----- Input data
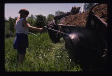 Washing Tires of Manure/Compost Spreader Before Going into Quarentine Field
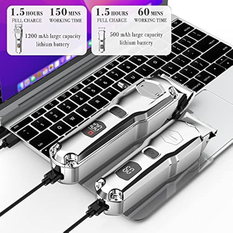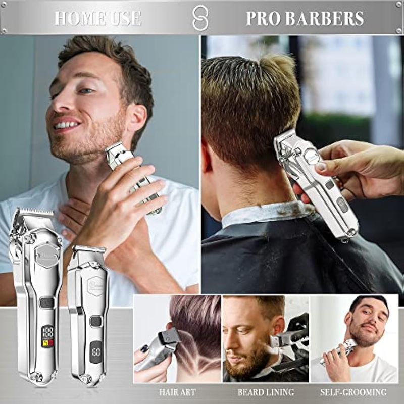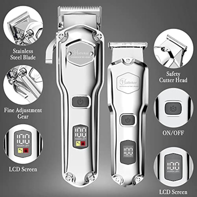 HATTEKER JUEGO DE CORTAPELOS Y RECORTADORA DE PELO PARA HOMBRES, IPX7, IMPERMEABLE, INALáMBRICA, PARA CORTAR EL CABELLO, KIT DE CORTE DE CABELLO CON HOJA EN T, RECORTADORA DE BARBA, CORTADORA DE BARBA, PARA NIñOS, PROFESIONAL, RECARGABLE POR USB (PLATEADO)
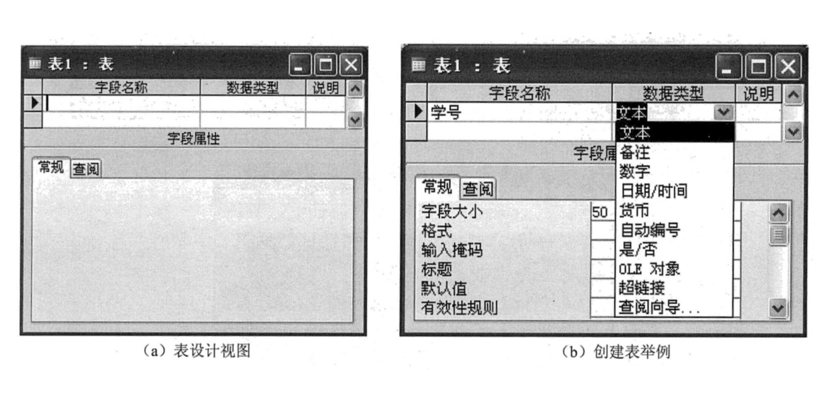 (3)单击设计器第一行“字段名称”,输入“学生”表的第一个字段名称“学号”,单击其右侧的下拉按钮,在弹出的下拉列表中提供可选的所有数据类型。如上图(b)所示。
----------
**Assigned task**
All of the data is to be returned exactly, with no pictures included.

**Written answer**
 Washing Tires of Manure/Compost Spreader Before Going into Quarentine Field
 HATTEKER JUEGO DE CORTAPELOS Y RECORTADORA DE PELO PARA HOMBRES, IPX7, IMPERMEABLE, INALáMBRICA, PARA CORTAR EL CABELLO, KIT DE CORTE DE CABELLO CON HOJA EN T, RECORTADORA DE BARBA, CORTADORA DE BARBA, PARA NIñOS, PROFESIONAL, RECARGABLE POR USB (PLATEADO)
 (3)单击设计器第一行“字段名称”,输入“学生”表的第一个字段名称“学号”,单击其右侧的下拉按钮,在弹出的下拉列表中提供可选的所有数据类型。如上图(b)所示。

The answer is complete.